▽

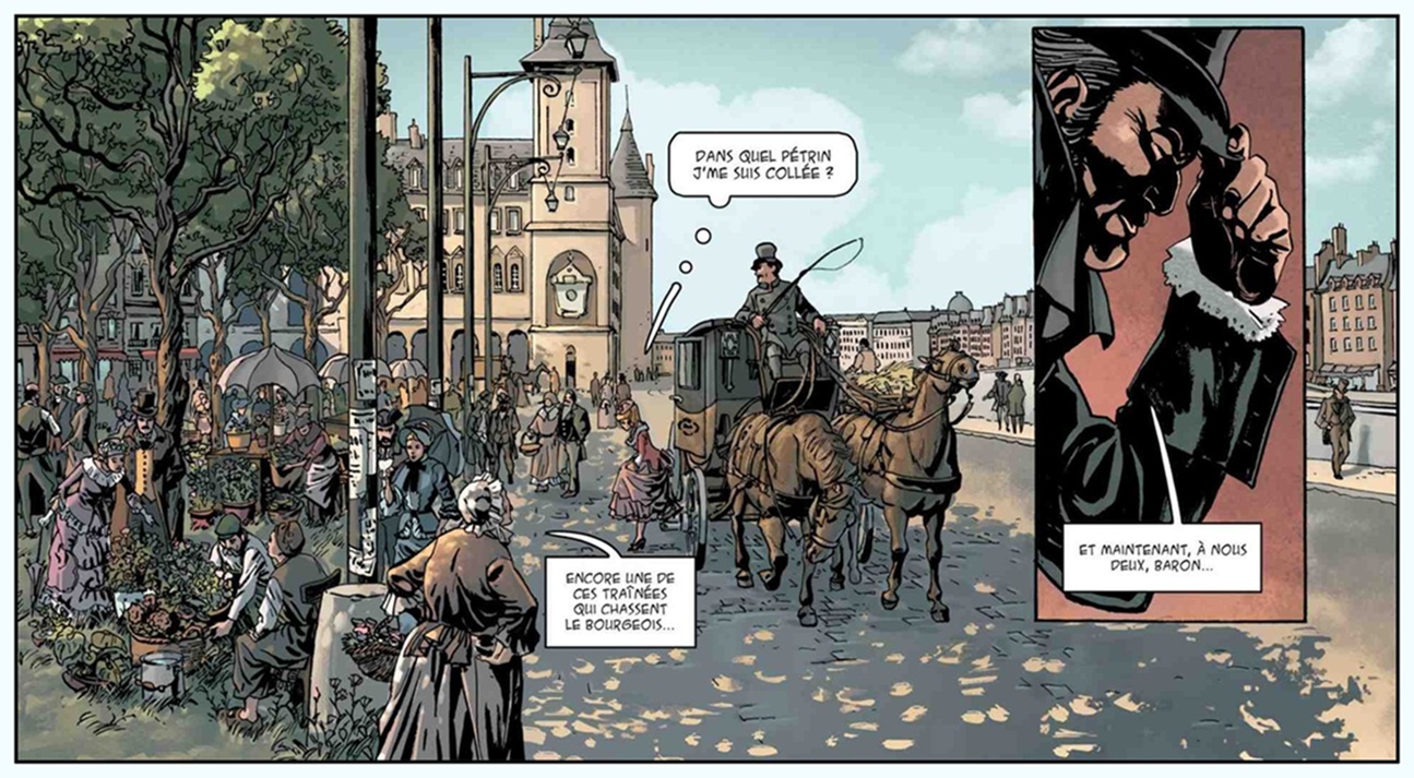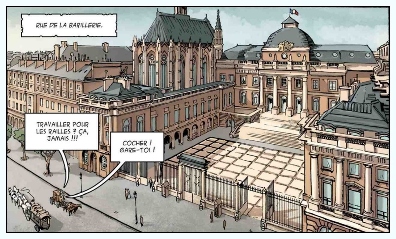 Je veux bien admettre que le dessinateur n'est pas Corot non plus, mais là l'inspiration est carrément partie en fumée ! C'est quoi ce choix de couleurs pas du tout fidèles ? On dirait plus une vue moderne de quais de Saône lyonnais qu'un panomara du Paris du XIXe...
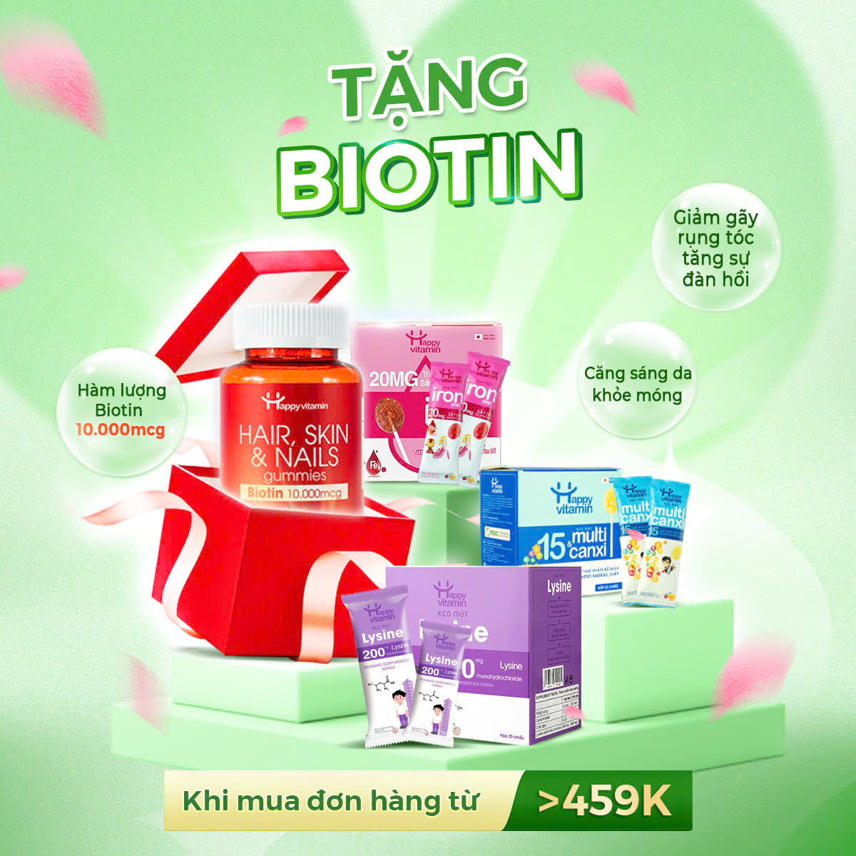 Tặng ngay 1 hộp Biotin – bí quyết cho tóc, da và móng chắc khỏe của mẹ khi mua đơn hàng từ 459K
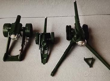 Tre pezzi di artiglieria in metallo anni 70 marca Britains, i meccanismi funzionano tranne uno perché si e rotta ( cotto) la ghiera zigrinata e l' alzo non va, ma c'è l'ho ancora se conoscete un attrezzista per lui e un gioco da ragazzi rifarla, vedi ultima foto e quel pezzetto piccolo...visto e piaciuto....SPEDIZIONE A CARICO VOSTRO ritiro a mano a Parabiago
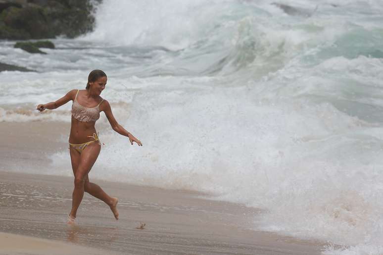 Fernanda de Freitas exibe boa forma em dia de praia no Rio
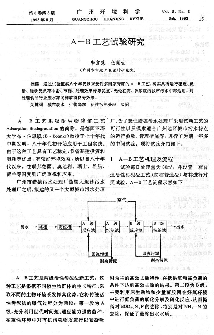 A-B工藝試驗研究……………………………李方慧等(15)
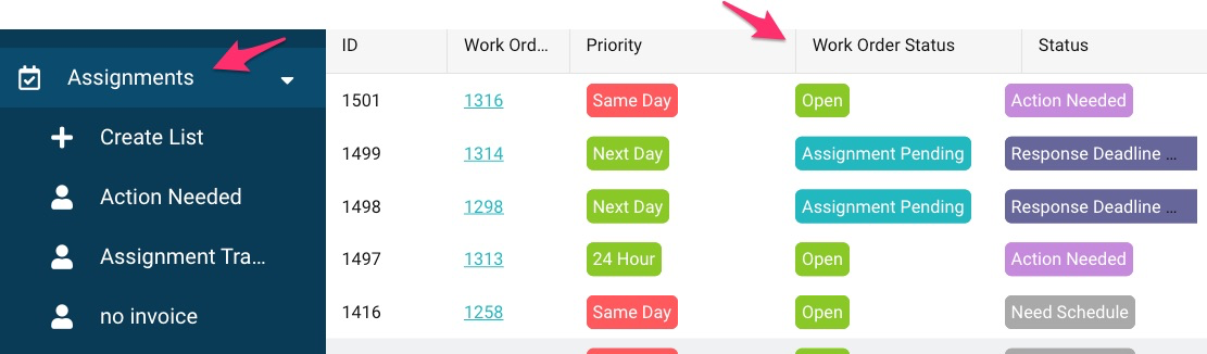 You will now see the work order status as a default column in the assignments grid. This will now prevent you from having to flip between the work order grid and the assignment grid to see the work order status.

△
▽

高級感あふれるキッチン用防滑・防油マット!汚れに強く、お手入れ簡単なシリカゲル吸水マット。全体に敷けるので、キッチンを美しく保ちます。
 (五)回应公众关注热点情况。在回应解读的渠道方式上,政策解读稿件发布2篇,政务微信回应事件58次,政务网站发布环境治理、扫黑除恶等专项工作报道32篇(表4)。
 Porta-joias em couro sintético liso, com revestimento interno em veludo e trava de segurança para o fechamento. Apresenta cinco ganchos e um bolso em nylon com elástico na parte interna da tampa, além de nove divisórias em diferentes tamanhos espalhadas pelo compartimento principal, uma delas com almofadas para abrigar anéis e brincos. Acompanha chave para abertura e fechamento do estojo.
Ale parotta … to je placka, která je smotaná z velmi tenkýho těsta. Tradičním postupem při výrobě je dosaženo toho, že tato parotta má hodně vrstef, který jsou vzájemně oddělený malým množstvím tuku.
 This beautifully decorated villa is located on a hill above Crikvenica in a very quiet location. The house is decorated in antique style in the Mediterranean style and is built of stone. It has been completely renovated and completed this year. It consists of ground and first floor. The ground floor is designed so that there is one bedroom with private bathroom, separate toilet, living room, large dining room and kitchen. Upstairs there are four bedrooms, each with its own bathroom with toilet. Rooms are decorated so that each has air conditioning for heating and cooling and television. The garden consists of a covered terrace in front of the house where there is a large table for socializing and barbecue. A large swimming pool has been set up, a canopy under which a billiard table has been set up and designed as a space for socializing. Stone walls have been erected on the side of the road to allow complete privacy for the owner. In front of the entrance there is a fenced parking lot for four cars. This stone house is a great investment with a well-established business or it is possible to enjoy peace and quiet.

△

Nothing but the lines above from the one that has "Tặng ngay 1" down to the one that has "You will now" belongs in the answer, copied exactly, without pictures.

Result of this exercise:
 Tặng ngay 1 hộp Biotin – bí quyết cho tóc, da và móng chắc khỏe của mẹ khi mua đơn hàng từ 459K
 Tre pezzi di artiglieria in metallo anni 70 marca Britains, i meccanismi funzionano tranne uno perché si e rotta ( cotto) la ghiera zigrinata e l' alzo non va, ma c'è l'ho ancora se conoscete un attrezzista per lui e un gioco da ragazzi rifarla, vedi ultima foto e quel pezzetto piccolo...visto e piaciuto....SPEDIZIONE A CARICO VOSTRO ritiro a mano a Parabiago
 Fernanda de Freitas exibe boa forma em dia de praia no Rio
 A-B工藝試驗研究……………………………李方慧等(15)
 You will now see the work order status as a default column in the assignments grid. This will now prevent you from having to flip between the work order grid and the assignment grid to see the work order status.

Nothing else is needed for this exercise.